Prime Minster Ehud Olmert has said on a number of occasions since the fighting started two weeks ago that the whole Arab world is watching, and the outcome of this conflict will have wide-ranging ramifications for the region.
But not only are the Islamic countries watching, so is the US.
Beyond all the talk about how the US supports Israel because it is the only democracy in the Middle East and because of shared values, the US supports Israel because it sees Israel as an important component of its own national security dogma, an American bridgehead in a region hostile to the US.
As such, Washington is watching to see how we do. The US wants to see Hizbullah weakened badly; it wants to see Damascus weakened badly; it wants to see Iran suffer the loss of a key proxy. This is in their interest.
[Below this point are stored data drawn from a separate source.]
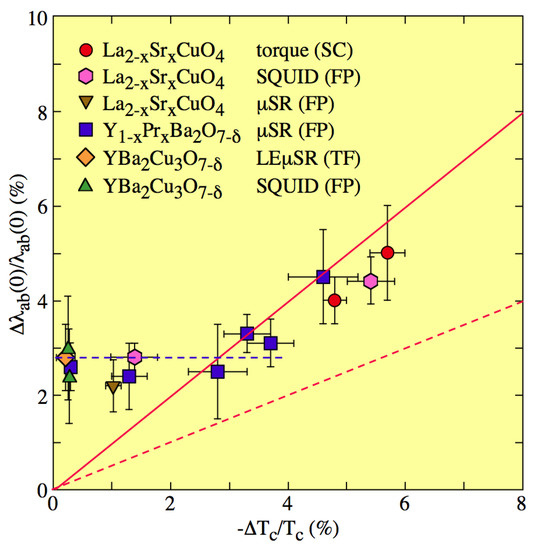 - Uemura, Y.J.; Luke, G.M.; Sternlieb, B.J.; Brewer, J.H.; Carolan, J.F.; Hardy, W.N.; Kadono, R.; Kempton, J.R.; Kiefl, R.F.; Kreitzman, S.R.; et al. Universal Correlations between Tc and ns/m* (Carrier Density over Effective Mass) in High-Tc Cuprate Superconductors. Phys. Rev. Lett. 1989, 62, 2317–2320. [Google Scholar] [CrossRef]
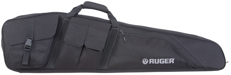 The Ruger Defiance Tactical Rifle Case is a 42-inch long tactical rifle case constructed with durable Endura material and features a full-length lockable zipper for secure transport. It includes a padded knit lining, carry handle, magazine pocket, and multiple accessory pockets for organized storage of gear and accessories.
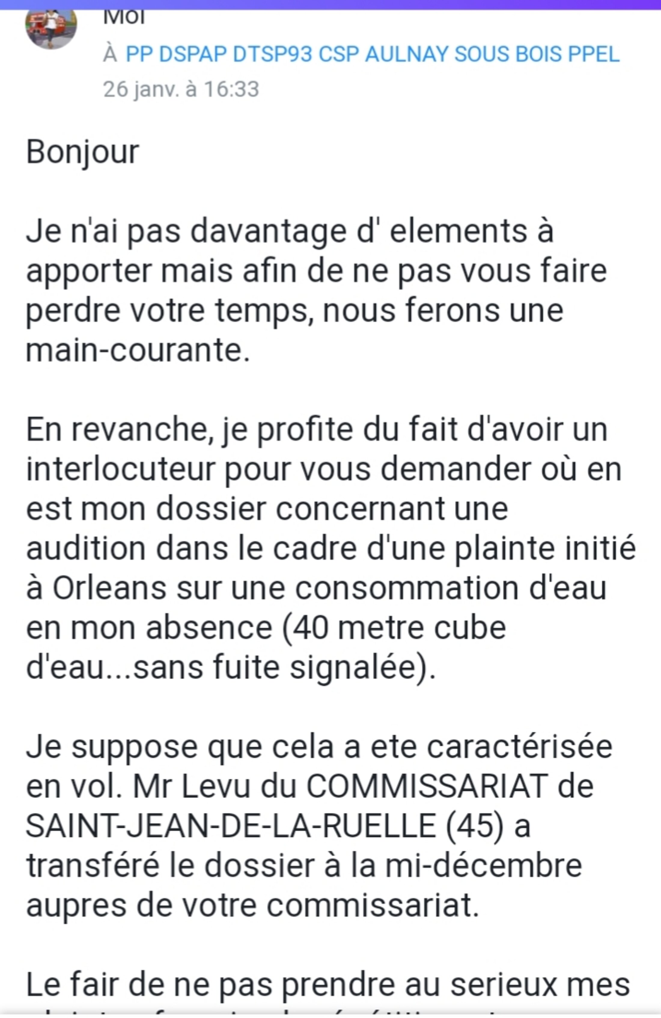 La police de Saint-Jean-De-LaRuelle m'a contacté pour prendre une plainte (déjà déposée, mais au commissariat d'Orleans sur une consommation de 40 metre cube d'eau en mon absence, et en l'absence de toute fuite...Donc un vol impliquant probablement une intrusion a domicile. J' avais fait intervenir un expert via mon assurance. Toutes les preuves sont là donc même un stagiaire en première année de droit auprès d'un procureur SAURAIT que c'est une plainte inclassable.)
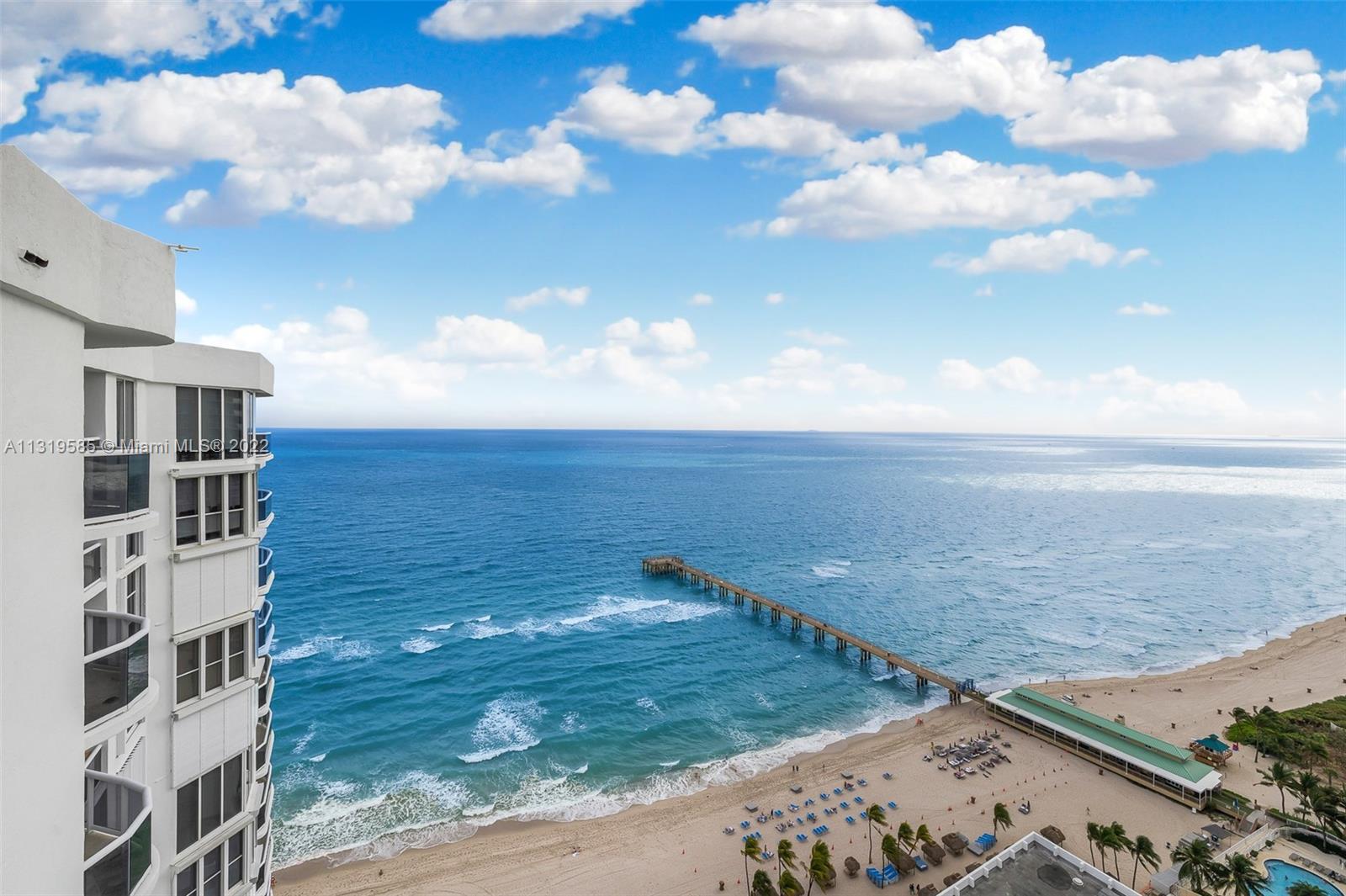 Be mesmerized by the view from this Tower Suite unit! Located on the top floor of desirable Sands Pointe, this 2 bedroom, 2 bath plus den (or 3rd bedroom), preserves its original elegant finishes. With 9 ft floor to ceiling windows, the extra ceiling height provided by this unit gives an added sense of space as you look out to the ocean, pier and intercoastal views. Kitchen provides room for a breakfast table. Laundry room. Additional storage space in the building. Sands Pointe offers many amenities and resort style service for beach use. Building is near completion of major renovations to pool area and deck. Additionally, private pool cabana available for purchase with unit!

This will help their own efforts in Iraq.
A democratic Lebanon, something impossible with a strong Hizbullah and Syrian meddling, will enhance the American status in the region, a status that is declining with each passing Iraqi day.
It's a safe bet to assume that in Washington they are watching very carefully how this war is going, and whether Israel is able to deliver the knockout punch to Hizbullah that the US wants to see delivered. Washington is watching and judging Israel to see how effective a strategic asset Israel really is.
Israel needs to deliver Hizbullah a resounding defeat for many different reasons: not the least of which is to preserve its strategic position in the eyes of the Americans. And that is an existential imperative.